(Collection entries)
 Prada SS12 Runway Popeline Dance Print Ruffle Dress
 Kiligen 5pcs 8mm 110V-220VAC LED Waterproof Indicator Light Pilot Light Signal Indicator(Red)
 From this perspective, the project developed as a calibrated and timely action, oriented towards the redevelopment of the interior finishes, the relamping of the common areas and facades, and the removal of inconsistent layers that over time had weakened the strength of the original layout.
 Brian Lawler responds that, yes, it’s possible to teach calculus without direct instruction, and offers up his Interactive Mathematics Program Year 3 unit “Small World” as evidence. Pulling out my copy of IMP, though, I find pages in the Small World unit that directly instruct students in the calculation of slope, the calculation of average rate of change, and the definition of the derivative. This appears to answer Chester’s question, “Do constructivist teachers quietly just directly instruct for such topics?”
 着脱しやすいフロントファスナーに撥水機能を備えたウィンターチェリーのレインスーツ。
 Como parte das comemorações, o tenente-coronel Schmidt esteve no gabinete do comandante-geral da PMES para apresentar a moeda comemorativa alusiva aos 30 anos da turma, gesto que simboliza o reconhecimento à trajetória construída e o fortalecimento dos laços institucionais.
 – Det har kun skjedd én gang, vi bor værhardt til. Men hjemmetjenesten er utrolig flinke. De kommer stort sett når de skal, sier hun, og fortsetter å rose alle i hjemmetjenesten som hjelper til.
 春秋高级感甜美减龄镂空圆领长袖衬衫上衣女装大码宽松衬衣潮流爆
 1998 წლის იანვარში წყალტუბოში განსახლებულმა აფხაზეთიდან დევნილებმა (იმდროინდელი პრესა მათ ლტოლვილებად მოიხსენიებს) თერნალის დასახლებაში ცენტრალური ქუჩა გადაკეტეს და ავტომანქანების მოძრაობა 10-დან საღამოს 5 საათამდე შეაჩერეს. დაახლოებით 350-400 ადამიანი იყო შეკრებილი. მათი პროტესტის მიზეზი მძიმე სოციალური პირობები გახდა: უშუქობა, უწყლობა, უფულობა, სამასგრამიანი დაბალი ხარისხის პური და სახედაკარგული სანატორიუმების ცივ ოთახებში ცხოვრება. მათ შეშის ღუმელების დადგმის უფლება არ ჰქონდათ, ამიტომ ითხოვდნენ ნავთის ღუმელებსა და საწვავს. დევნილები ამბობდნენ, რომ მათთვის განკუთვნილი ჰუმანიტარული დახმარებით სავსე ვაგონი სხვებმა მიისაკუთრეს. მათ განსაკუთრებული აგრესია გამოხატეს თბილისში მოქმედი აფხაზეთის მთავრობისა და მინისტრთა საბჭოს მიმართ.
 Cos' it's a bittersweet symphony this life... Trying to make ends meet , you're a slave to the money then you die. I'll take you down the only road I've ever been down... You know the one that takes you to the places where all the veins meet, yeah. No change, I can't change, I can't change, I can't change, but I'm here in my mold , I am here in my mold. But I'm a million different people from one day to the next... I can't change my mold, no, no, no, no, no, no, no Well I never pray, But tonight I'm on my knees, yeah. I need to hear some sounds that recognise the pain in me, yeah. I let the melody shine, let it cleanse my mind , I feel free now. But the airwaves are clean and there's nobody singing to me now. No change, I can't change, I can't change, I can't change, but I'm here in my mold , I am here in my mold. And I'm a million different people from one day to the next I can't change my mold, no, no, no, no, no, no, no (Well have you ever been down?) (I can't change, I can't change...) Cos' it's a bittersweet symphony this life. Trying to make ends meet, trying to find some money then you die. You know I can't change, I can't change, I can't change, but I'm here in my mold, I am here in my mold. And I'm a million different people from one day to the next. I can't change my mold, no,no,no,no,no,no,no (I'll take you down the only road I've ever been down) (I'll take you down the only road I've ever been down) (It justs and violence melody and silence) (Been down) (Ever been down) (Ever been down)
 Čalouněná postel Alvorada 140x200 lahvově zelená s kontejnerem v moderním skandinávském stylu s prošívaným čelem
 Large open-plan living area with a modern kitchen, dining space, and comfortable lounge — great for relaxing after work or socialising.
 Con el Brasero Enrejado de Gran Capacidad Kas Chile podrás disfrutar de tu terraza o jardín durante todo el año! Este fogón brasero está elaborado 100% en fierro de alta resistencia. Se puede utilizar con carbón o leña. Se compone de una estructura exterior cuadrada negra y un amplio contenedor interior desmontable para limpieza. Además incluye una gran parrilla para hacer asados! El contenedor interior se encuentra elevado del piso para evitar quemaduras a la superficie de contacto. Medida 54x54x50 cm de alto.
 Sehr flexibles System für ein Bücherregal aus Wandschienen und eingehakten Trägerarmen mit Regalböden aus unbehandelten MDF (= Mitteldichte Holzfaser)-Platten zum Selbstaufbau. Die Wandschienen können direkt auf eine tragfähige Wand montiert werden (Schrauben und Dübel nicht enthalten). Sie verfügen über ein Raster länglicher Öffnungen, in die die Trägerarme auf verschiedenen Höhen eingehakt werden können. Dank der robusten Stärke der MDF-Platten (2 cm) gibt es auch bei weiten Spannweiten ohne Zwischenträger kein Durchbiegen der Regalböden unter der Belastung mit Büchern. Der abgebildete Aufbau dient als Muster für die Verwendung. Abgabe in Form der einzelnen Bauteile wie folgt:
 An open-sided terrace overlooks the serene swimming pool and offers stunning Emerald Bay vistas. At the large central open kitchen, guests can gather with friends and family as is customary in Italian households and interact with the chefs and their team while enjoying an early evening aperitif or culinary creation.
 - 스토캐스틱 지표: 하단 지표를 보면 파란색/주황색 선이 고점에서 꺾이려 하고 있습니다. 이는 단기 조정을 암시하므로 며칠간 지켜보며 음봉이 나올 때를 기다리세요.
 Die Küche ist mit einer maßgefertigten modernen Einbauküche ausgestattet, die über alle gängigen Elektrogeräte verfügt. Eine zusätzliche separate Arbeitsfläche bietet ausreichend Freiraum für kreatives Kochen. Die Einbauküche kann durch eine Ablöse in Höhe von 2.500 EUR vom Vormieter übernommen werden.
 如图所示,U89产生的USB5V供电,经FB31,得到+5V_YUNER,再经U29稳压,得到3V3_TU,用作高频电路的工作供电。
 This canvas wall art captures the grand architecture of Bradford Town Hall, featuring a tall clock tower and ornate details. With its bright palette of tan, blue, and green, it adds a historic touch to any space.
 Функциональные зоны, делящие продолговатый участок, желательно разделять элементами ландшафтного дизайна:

**What you need to do**
Within the records, tally every line that contains the word "alle". Only the resulting number should be given.

**Output below**
2